The advantages of smart wells can be briefly comprised in the following four points:

  • reduction of operational expenses;

  • increased oil production;

  • improved oil recovery;

  • mitigation of the geological uncertainty impact on the project performance.

But disadvantages of smart well technology, that derive from its technical complexity, restrict a scale of its deployment. These disadvantages can be summarized as follows:

  • High cost;

  • Risk of the valves and sensors failures;

Thus, three questions must be addressed while screening possible smart well deployment:

  • How to estimate the value added by smart completion?

  • How to control smart well completions in order to gain the maximal effect?

  • How to estimate possible losses in production due to ICV failures?
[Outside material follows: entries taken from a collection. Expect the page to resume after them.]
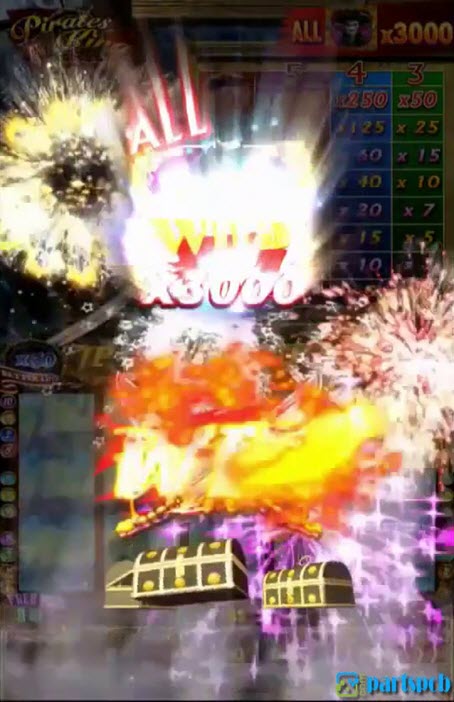 When the Bomb symbol appears in the middle of the third reel the player will have a chance to play the Bomb bonus. The bomb in the center will explode to reveal scattered Treasure Chest symbols all over the screen. The player can then choose which Chests to open and reveal the prize inside.
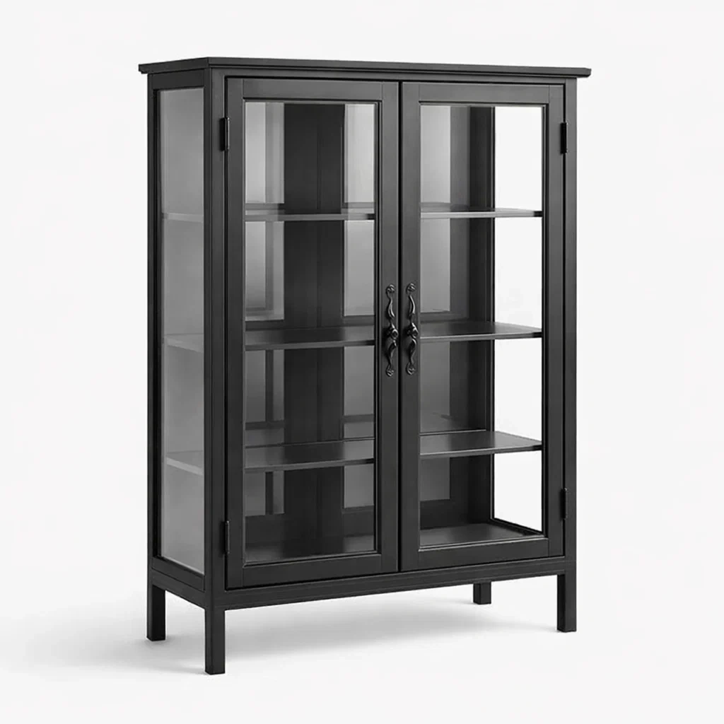 Vitrine en métal et verre trempé noir
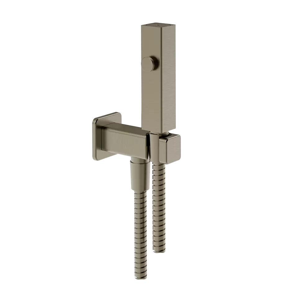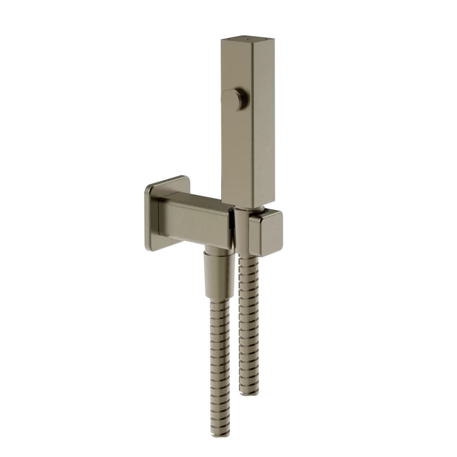 Гидроершик для унитаза со шлангом держателем и скрытым подключением без смесителя RETTANGOLO 149 Finox Brushed Nickel GESSI
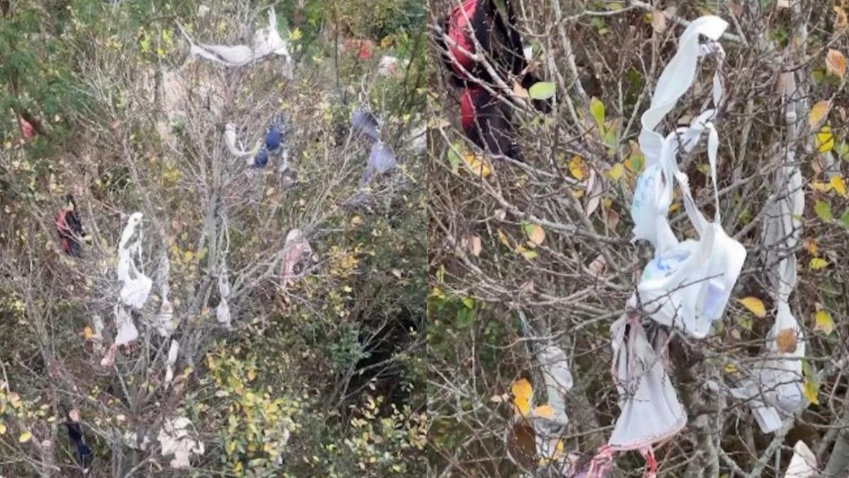 在樹枝上晾掛胸罩,意義何在?有住在香港元朗村屋的街坊在網上分享,指不時發現大欖隧道轉車站沿八鄉路步行,有棵樹的樹枝疑被人勾掛大量胸罩,而胸罩數量近日更有增加的趨勢,故拍下影片好奇詢問因由。有網友調侃晾掛者如當大埔林村許願樹,「祈求風調『乳』順?」。
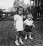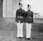 Description :GUSTAVE SEVIGNY, A DROITE, ET UN COLLEGUE CADET, DEVANT UNE BATISSE DE BRIQUE. GUSTAVE SEVIGNY EST DANS LA FANFARE DES CADETS, DE L'ECOLE LAROCQUE.
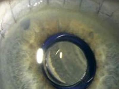 VisionCare微型望远镜植入患者眼睛后的效果 放在指尖的VisionCare可植入微型望...

A lot of publications were addressed to these problems in recent years. Majority of researchers used reservoir simulation as the main tool. Within the frameworks of such a concept a reservoir model impersonated both a real field and its reservoir model and was used for optimization. This work, on the one hand, partly adopts these approaches and, on the other hand, suggests the optimization strategy in full field scale based on subdivision of the initial big task into several ones with smaller dimension that require less time for the evaluation. Optimization routine is based on using commercial reservoir simulator coupled with Matlab-based program controller that optimizes downhole valve settings by using Direct Search optimization routine and imitates valves failures. The introduced optimization routine has been tested on multiple realizations of generic reservoir model always showing good performance and the added value.